(Record set)

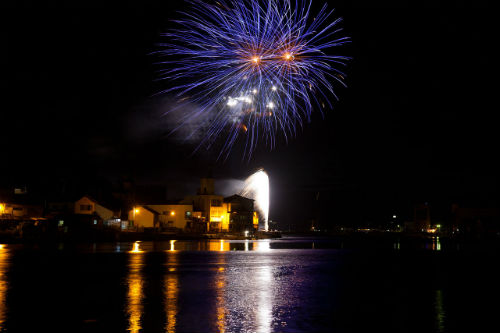 ラストでは、出演者・関係者全員が登壇し、水光呼子港まつりの花火カウントダウンを実施。ニコニコ町会議会場でのカウントダウンを受け港まつりの花火が上がると、会場だけでなくネット視聴者からも歓声コメントが書き込まれ、花火を眺めながらニコニコ町会議は終了した。
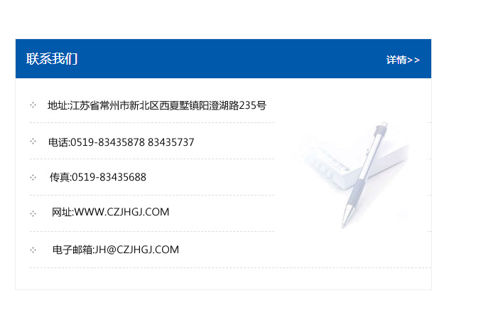 傳真:0519-83435688    郵編:213135    網址:WWW.czjhgj_com.xaluda.com    電子郵箱:JH@czjhgj_com.xaluda.com
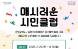 장흥 전향윤 기자2026. 03.03[뉴스맘]광양문화도시센터는 시민의 자발적인 문화활동을 지원하기 위해 2026년 상반기 활동을 함께할 '매시러운 시민클럽' 7기의 참여팀을 모집한다. '매시러운 시민클럽'은 2023년부터 운영해 온 광양문화도시센터의 대표 사업으로, 취향을 기반으로 한 시민의 자발적인 모임 활동을 지원하는 프로그램이다. 그동안 다양한 분야의 시민이 참여해 일상 속에서 문화 활동을 이어왔으며, 참여자 만족도가 높은 사업으로 운영되고 있다. 신청 대상은 취향·선호도·여가 등을 기반으로 한 3인 이상이 구성한 시민모임이다. 활동 주제와 방식, 운영 계획…
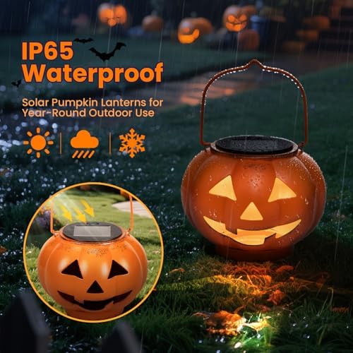 Halloween Pumpkin Solar Lanterns – Jack O Lantern Hanging Solar Light Waterproof for Yard, Patio, Garden,Spooky Decor Halloween Party Decorations
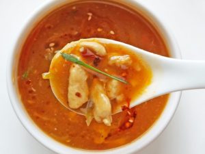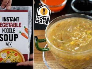 -Chicken stock, caster sugar, pink salt, sriracha sauce, soy sauce aur vinegar dal kar mix karein aur boil aane dein.

(End Record set)

From the first line above to the last, reproduce the records exactly but without the pictures.

 ラストでは、出演者・関係者全員が登壇し、水光呼子港まつりの花火カウントダウンを実施。ニコニコ町会議会場でのカウントダウンを受け港まつりの花火が上がると、会場だけでなくネット視聴者からも歓声コメントが書き込まれ、花火を眺めながらニコニコ町会議は終了した。
 傳真:0519-83435688    郵編:213135    網址:WWW.czjhgj_com.xaluda.com    電子郵箱:JH@czjhgj_com.xaluda.com
 장흥 전향윤 기자2026. 03.03[뉴스맘]광양문화도시센터는 시민의 자발적인 문화활동을 지원하기 위해 2026년 상반기 활동을 함께할 '매시러운 시민클럽' 7기의 참여팀을 모집한다. '매시러운 시민클럽'은 2023년부터 운영해 온 광양문화도시센터의 대표 사업으로, 취향을 기반으로 한 시민의 자발적인 모임 활동을 지원하는 프로그램이다. 그동안 다양한 분야의 시민이 참여해 일상 속에서 문화 활동을 이어왔으며, 참여자 만족도가 높은 사업으로 운영되고 있다. 신청 대상은 취향·선호도·여가 등을 기반으로 한 3인 이상이 구성한 시민모임이다. 활동 주제와 방식, 운영 계획…
 Halloween Pumpkin Solar Lanterns – Jack O Lantern Hanging Solar Light Waterproof for Yard, Patio, Garden,Spooky Decor Halloween Party Decorations
 -Chicken stock, caster sugar, pink salt, sriracha sauce, soy sauce aur vinegar dal kar mix karein aur boil aane dein.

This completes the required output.